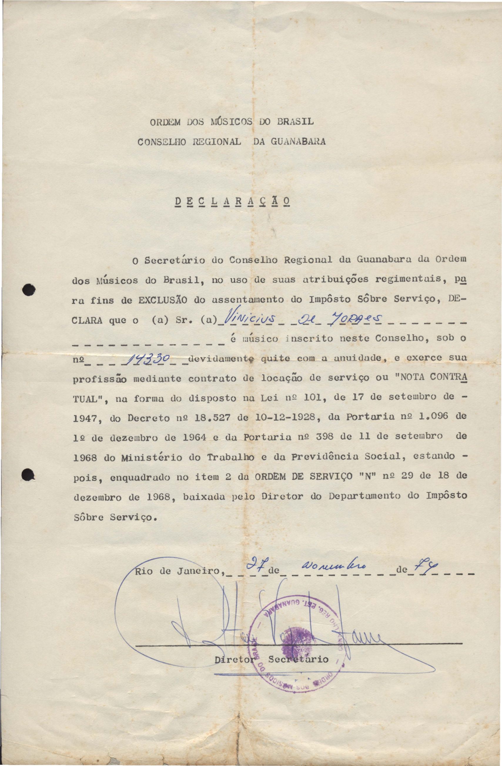 Declaração da Ordem dos Músicos do Brasil, para fins de exclusão do assentamento do Imposto sobre serviço, para VM.
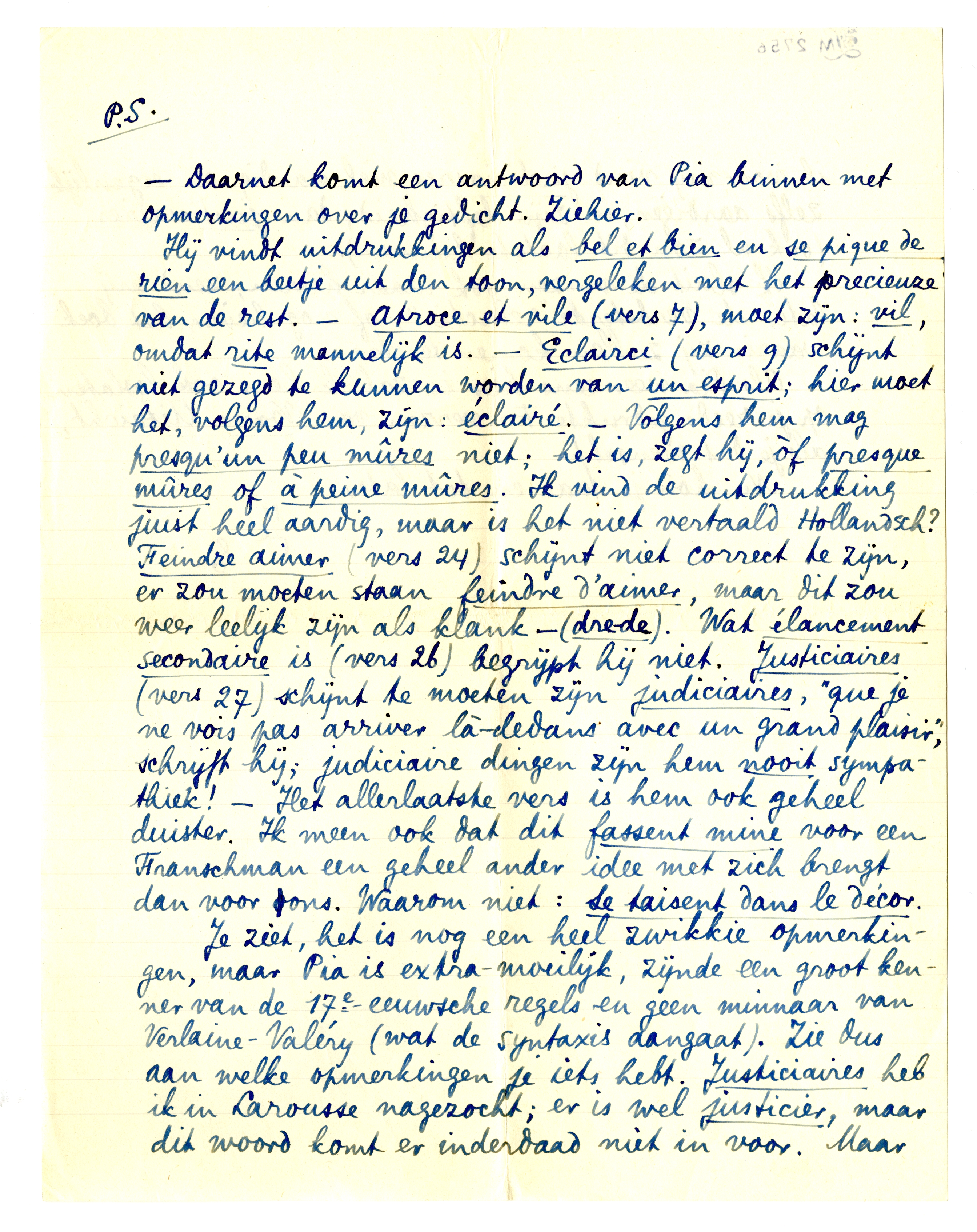 Je ziet, het is nog een heel zwikkie opmerkingen, maar Pia is extramoeilijk, zijnde een groot kenner van de 17e-eeuwsche regels en geen minnaar van Verlaine-Valéry (wat de syntaxis aangaat). Zie dus aan welke opmerkingen je iets heb. Justiciaires heb ik in Larousse nagezocht; er is wel justicier, maar dit woord komt er inderdaad niet in voor. Maar ik voor mij vind judiciaires wèl aardig, en eigenlijk zelfs aardiger, in zijn deftigheid, dan justiciaires (ook al zou dit laatste kunnen).
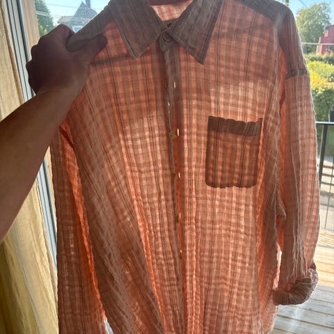 Fargen er solbleket noen steder som gjør den gulaktig, hovedsakelig langs kragen og ved ermene.
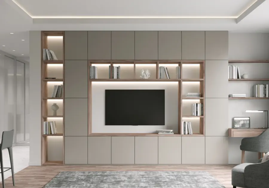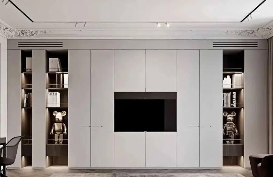 电视墙这个位置,区域较大且集中,如果做成整墙收纳,容量不可小觑。

## INSTRUCTIONS FOR THE TASK:
The preceding listing is to be restated word for word, with every picture omitted.

## SOLUTION FOR THIS EXERCISE:
 Declaração da Ordem dos Músicos do Brasil, para fins de exclusão do assentamento do Imposto sobre serviço, para VM.
 Je ziet, het is nog een heel zwikkie opmerkingen, maar Pia is extramoeilijk, zijnde een groot kenner van de 17e-eeuwsche regels en geen minnaar van Verlaine-Valéry (wat de syntaxis aangaat). Zie dus aan welke opmerkingen je iets heb. Justiciaires heb ik in Larousse nagezocht; er is wel justicier, maar dit woord komt er inderdaad niet in voor. Maar ik voor mij vind judiciaires wèl aardig, en eigenlijk zelfs aardiger, in zijn deftigheid, dan justiciaires (ook al zou dit laatste kunnen).
 Fargen er solbleket noen steder som gjør den gulaktig, hovedsakelig langs kragen og ved ermene.
 电视墙这个位置,区域较大且集中,如果做成整墙收纳,容量不可小觑。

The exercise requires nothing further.